Saat tulang-tulangnya mengeras, kaki akan dibuka secara berkala, dipijat, dan dibersihkan, dan kuku jari kaki dipangkas. Karena sirkulasi kaki terputus oleh perban, banyak gadis mengalami infeksi kaki, kehilangan kuku, atau jari-jari kaki rontok sama sekali. Setelah jaringan mati diangkat, kaki akan segera dibungkus kembali.

efek
Wanita dengan kaki terikat tidak dapat meletakkan banyak beban pada kaki mereka, dan harus berjalan dengan tumit mereka. Ini memberi mereka gaya berjalan terhuyung-huyung yang dianggap sangat menarik oleh beberapa orang. Kaki mereka biasanya terinfeksi, karena tidak mungkin memotong kuku kaki yang bengkok, yang kemudian dapat menembus kulit. Itu juga sangat sulit untuk mencuci di antara lipatan kulit kaki, yang menyebabkan pertumbuhan bakteri. Hal ini membuat kaki berbau sangat busuk dan terkadang mengeluarkan kotoran, itulah sebabnya kebanyakan wanita dengan kaki terikat tidak pernah melepas sepatu mereka.

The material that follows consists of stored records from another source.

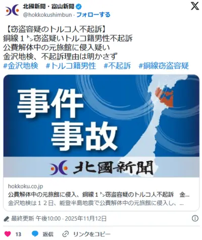公費解体中の元旅館に侵入、銅線1㌧窃盗容疑のトルコ人不起訴 金沢地検、不起訴理由は明かさず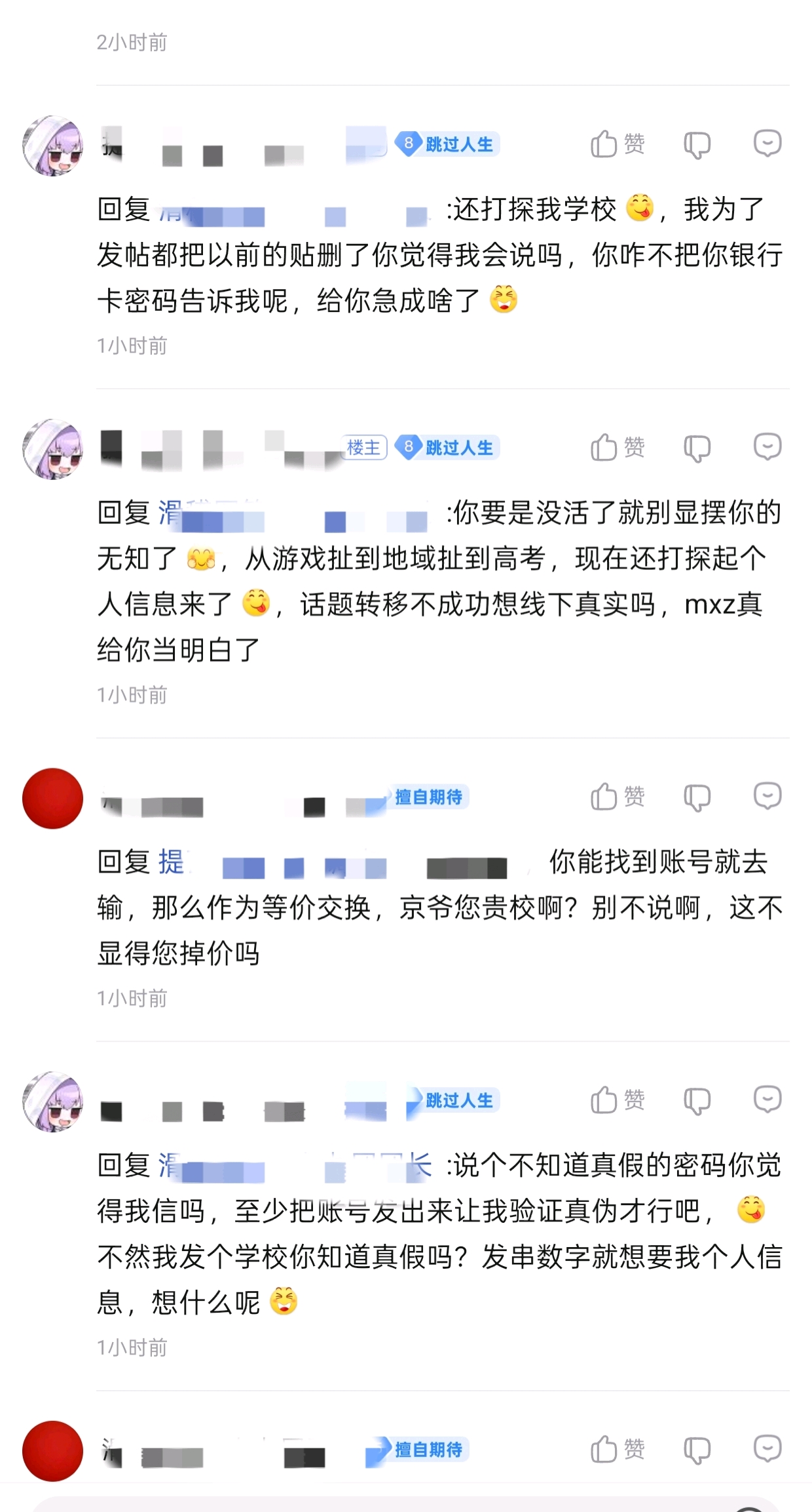 ,我只要让路过的人认为你被怼到想跟人互爆个人信息的地步就行了,真假还重要吗,至少对线我没漏任何信息不论真假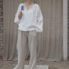 Lniane wyroby są przewiewne i miękkie dzięki lnianej tkaninie. Prane po uszyciu i gniecione dla maksymalnej miękkości.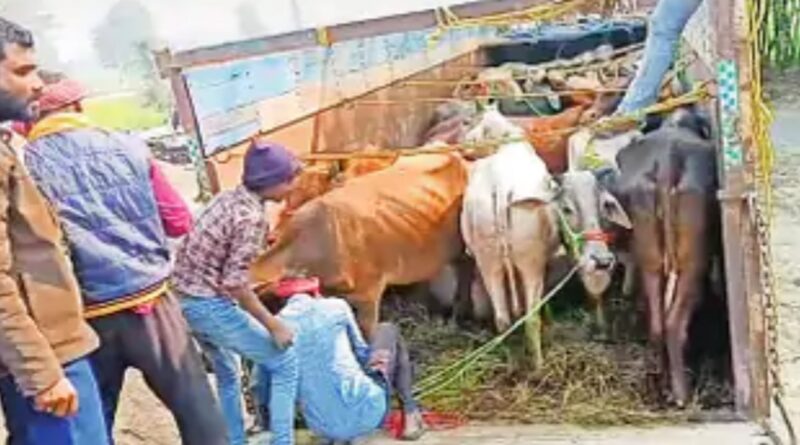 ट्रकों में छिपा कर ले जा रहे 90 गायों को पुलिस ने कब्जे में लेकर गोशाला भेजा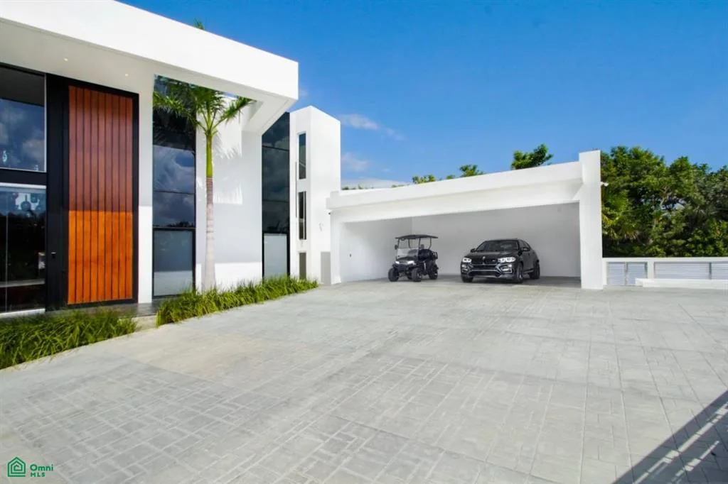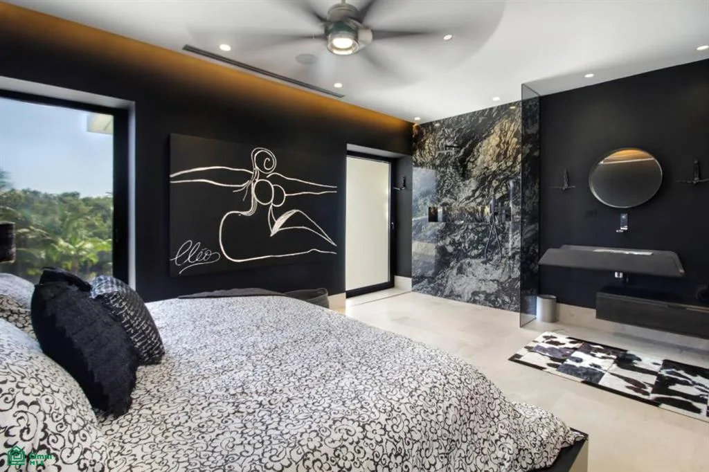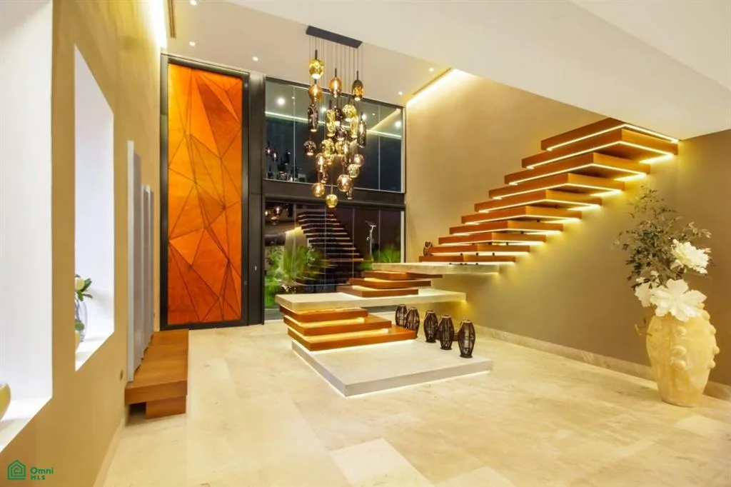 A magnificent 8-meter-high entrance door opens to a double-height foyer featuring a solid wood floating staircase. The residence includes five palatial bedrooms, each with a private en-suite bathroom and a walk-in closet. The home features an integrated smart home system for controlling lighting, climate, security, and entertainment.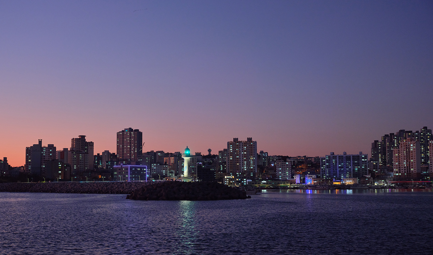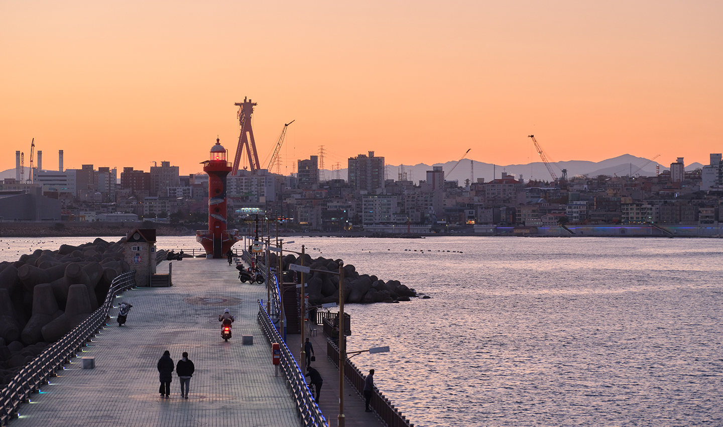 Climb the lighthouse on Seuldo Island around sunset to feast your eyes on an unforgettable scene of beauty. From your perch, you can see the striking rock formations around the lighthouse, the wide lawns and flowering plants and the crashing waves in the sunset’s glow. Far in the distance, Ulsan’s factories and apartments stand tall against a ruddy sky, overlapped by the lighthouse and people walking toward it. It’s the kind of fantastic scene that would be worth stopping time to hold on to a little longer. As the sun goes down, the streetlights, the landscape lights along the walking paths and the beacon in the lighthouse turn on. Manmade lights and natural lights combine to make a scene of true mystery.

Deformitas gaya berjalan mereka juga membuat wanita rentan jatuh dan masalah pinggul dan tulang belakang. Satu studi dari Universitas San Francisco tentang osteoporosis di Cina menemukan bahwa wanita dengan kaki ini hampir dua kali lebih mungkin mengalami jatuh, dan juga lebih mungkin mengalami kesulitan untuk bangkit dari kursi. Mereka juga lebih sulit berjongkok, yang sangat penting untuk menggunakan kamar kecil sebelum toilet gaya Barat datang ke China. Keterbatasan ini sangat memberatkan bagi perempuan yang harus melakukan pekerjaan manual.
Sejarah
Praktek mengikat kaki Cina dimulai pada masa pemerintahan Li Yu ketika kaisar menjadi tertarik pada seorang selir yang telah mengikat kakinya erat-erat untuk rutinitas menari. Awalnya terbatas pada istana kekaisaran, tetapi kemudian menyebar ke kota dan desa. Seruan pertama untuk reformasi datang beberapa abad kemudian pada pertengahan 1600-an, dan berlanjut secara berkala sampai tahun 1912, ketika itu dilarang sama sekali. Meski dilarang, beberapa wanita tetap mengikat kaki mereka secara diam-diam, meskipun mereka yang tertangkap akan dikenakan denda. Praktek ini akhirnya mati pada 1950-an, karena serangkaian kampanye anti-pengikatan kaki dari pemerintah Nasionalis dan Komunis.

Praktik Terkait
Budaya lain memiliki dan memiliki praktik deformasi yang serupa dengan pengikatan kaki Cina. Modifikasi tengkorak, di mana tengkorak ditekan sampai memanjang, dipraktekkan di antara banyak budaya, termasuk suku Inca, Hun, dan Aborigin Australia. Banyak wanita di negara-negara Eropa dan AS merusak kerangka mereka hingga melukai organ mereka dengan mengenakan korset yang sangat ketat. Di zaman modern, mutilasi alat kelamin perempuan telah dan dipraktikkan di banyak negara di Afrika dan Jazirah Arab.